--- Data below Enclosed Below ---

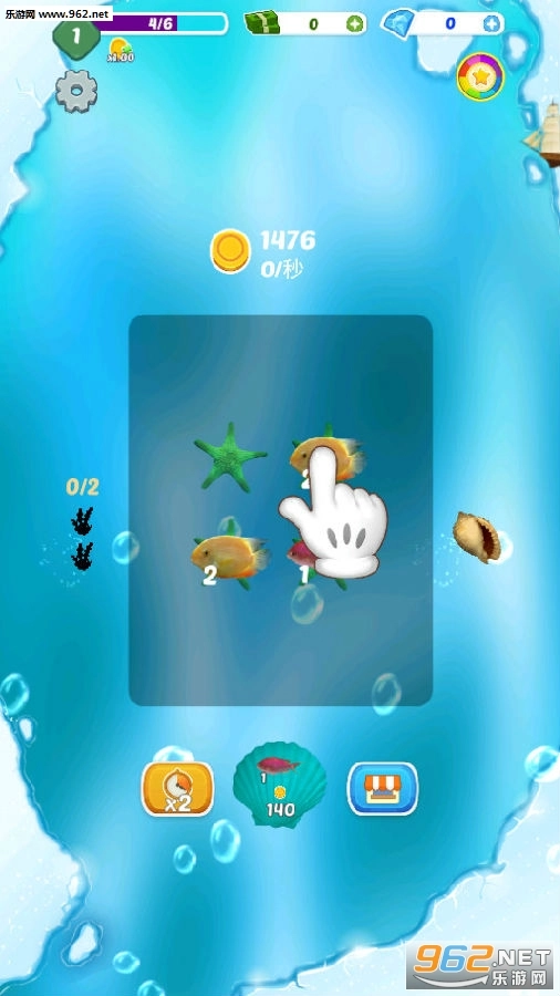 持续把相同的小鱼合并起来,鱼的数量越多,体型就越大,你后续能得到的收益也会随之增加,海洋里的生物种类也会更加多样。
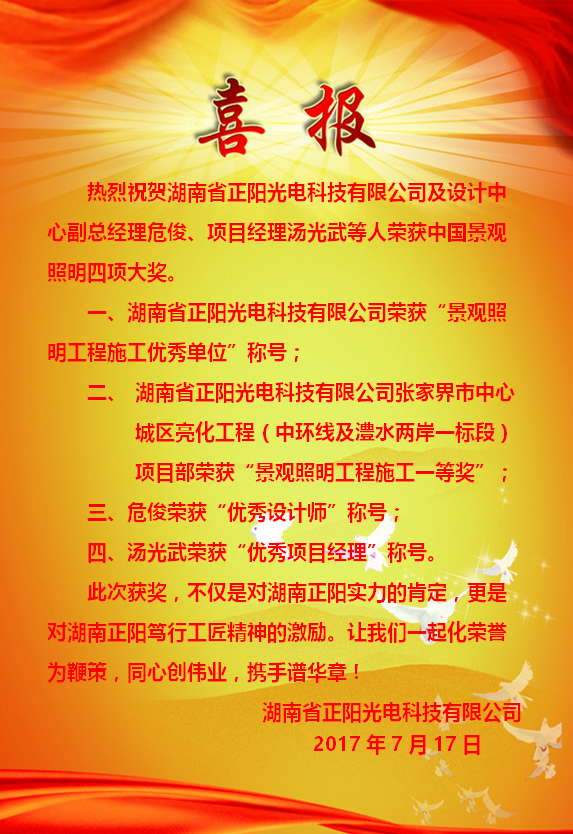 熱烈祝賀湖南省正陽光電科技有限公司及設計中心副總經理危俊、項目經理湯光武等人榮獲中國景觀照明四項大獎!
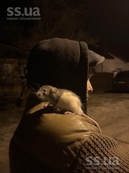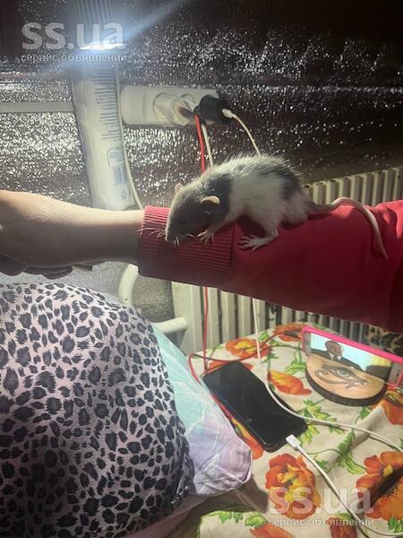Продаю крысу мальчик дамбо, окрас чёрный капюшон, 5 месяцев, живёт у нас пару месяцев, но так как у нас собаки йорки, они стали на него охотится, так как ему нужно гулять по квартире, опасаемся за его безопасность, надеемся что он найдёт такую же любящую семью, цена чисто символическая 150 грн.

--- End of Enclosed Data below ---

• _What you have to do_: When copying the listing, skip the pictures and keep each line exactly as written.

• _Solution_:
 持续把相同的小鱼合并起来,鱼的数量越多,体型就越大,你后续能得到的收益也会随之增加,海洋里的生物种类也会更加多样。
 熱烈祝賀湖南省正陽光電科技有限公司及設計中心副總經理危俊、項目經理湯光武等人榮獲中國景觀照明四項大獎!
Продаю крысу мальчик дамбо, окрас чёрный капюшон, 5 месяцев, живёт у нас пару месяцев, но так как у нас собаки йорки, они стали на него охотится, так как ему нужно гулять по квартире, опасаемся за его безопасность, надеемся что он найдёт такую же любящую семью, цена чисто символическая 150 грн.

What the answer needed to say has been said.